Шашлык, действительно, жарили, стихи читали, вино пили. Шашлык вкусный, стихи великолепные, но не это впечатлило меня, поскольку мне и до этого случалось отведать шашлыка, а уж стихи Сапгира и Холина я слышал постоянно, поскольку эти два поэта были ближайшими друзьями моих родителей. И оба очень любили читать вслух свои стихи. Особенно это касалось Сапгира. Казалось, он раскрывает свой радостный рот только для того, чтобы расхохотаться, укусить кусок мяса, политого острым соусом, выпить глоток вина, отвесить картавый комплимент какой-нибудь даме. Ну и, конечно, вслед за этим из его рта немедленно вылетало (изливалось, выпархивало) только что написанное стихотворение. Как правило, гигантское, тяготеющее к поэме и переливающееся, как атласная лента. С его неразлучным другом Холиным они были как Шар и Палка. Холин прямой, сухой, длинный – как бы дзенский посох пробуждения. Подразумеваю плоскую палку, которой дзен-мастер бьет по плечу медитирующего ученика, чтобы тот не уносился в грезы. Сам Холин любил уноситься в поэтические грезы, но на окружающих желал действовать как отрезвляющий мудрец. В общем, я знал этих двух гениев с моего младенчества, поэтому потрясли меня не они, а загадочность этой дачи и поразительная, несколько даже мрачная, сказочность ее обитателей.

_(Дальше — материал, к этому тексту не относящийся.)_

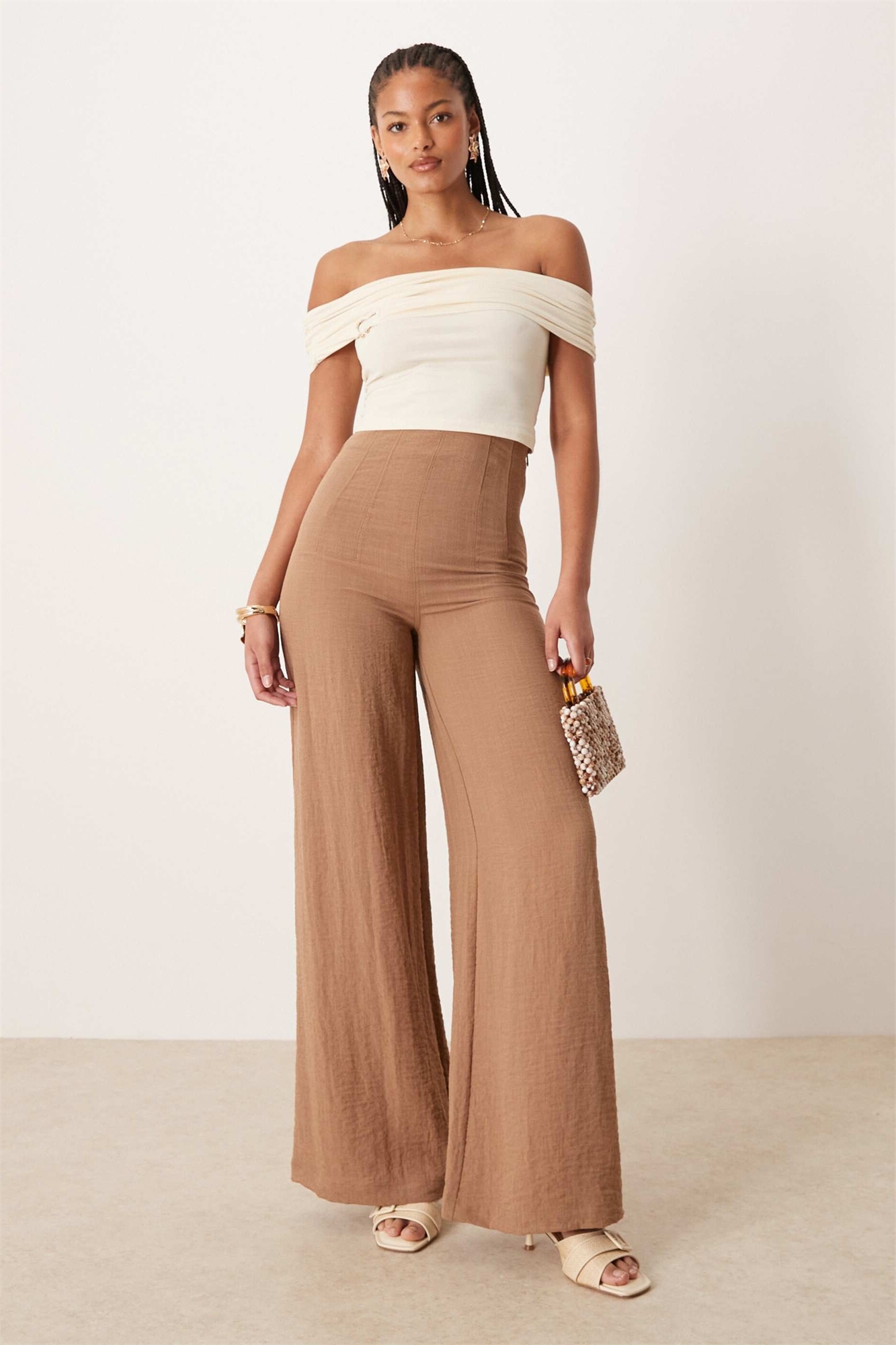 ASOS DESIGN — брюки с высокой талией и корсетной линией из смешанного льна с эффектом гофрирования для высоких

Старуха, хозяйка дачи, была то ли старой большевичкой, то ли вдовой старого большевика. Молодость у нее, видимо, выдалась богемная; она, судя по всему, привыкла общаться с поэтами и художниками; возможно, она когда-то вращалась в футуристических и супрематических компаниях, хотя сама занималась, кажется, наукой. Дожив до баснословной (как мне казалось) старости, она сохранила привычку окружать себя экзотическими фигурами из артистического подполья. В те годы жива была еще плеяда таких мощных богемных старух. В Коктебеле – Мария Николаевна Изергина и Наталья Васильевна Голицына. В Переделкино – Тамара, вдова Исаака Бабеля, она же вдова писателя и драматурга Всеволода Иванова, мать известного структуралиста Николая Всеволодовича Иванова по прозвищу Кома. Все эти старухи всегда жили на дачах, постоянно курили (в основном папиросы), пили крепкий чай и вино, отличались ясным умом и отточенными манерами светских львиц старой школы. Как звали челюскинскую старуху, не помню. Она была сухощава, с длинным лицом, всегда покрытым настолько плотным красочным слоем косметики, что лицо казалось маской. По сути, это и была почти совершенно застывшая маска – шевелился только рот, когда она говорила или затягивалась папиросой. Глаза смотрели как бы сквозь прорези – умный, внимательный взор. Ни намека на сенильную рассеянность или летаргию. Степень ее древности выдавали руки: они словно бы состояли из сплошных отполированных узелков, нечто из мира древесных окаменелостей. Когда я смотрел на ее руки, мне казалось, что она являлась глубокой старухой уже во времена футуристов. Когда эти руки были молодыми? Может быть, в царствование императора Яо, что обладал шестью сосками на груди, как утверждает китайское предание? Не знаю, имелась ли у нее какая-либо родня, никогда не встречал никого из них на ее даче. Но жила она на даче не одна. Постоянно находились там еще два человека – облики этих людей казались неизбежным шлейфом той глубокой и несколько леденящей тайны, которая наполняла собой ту старую женщину.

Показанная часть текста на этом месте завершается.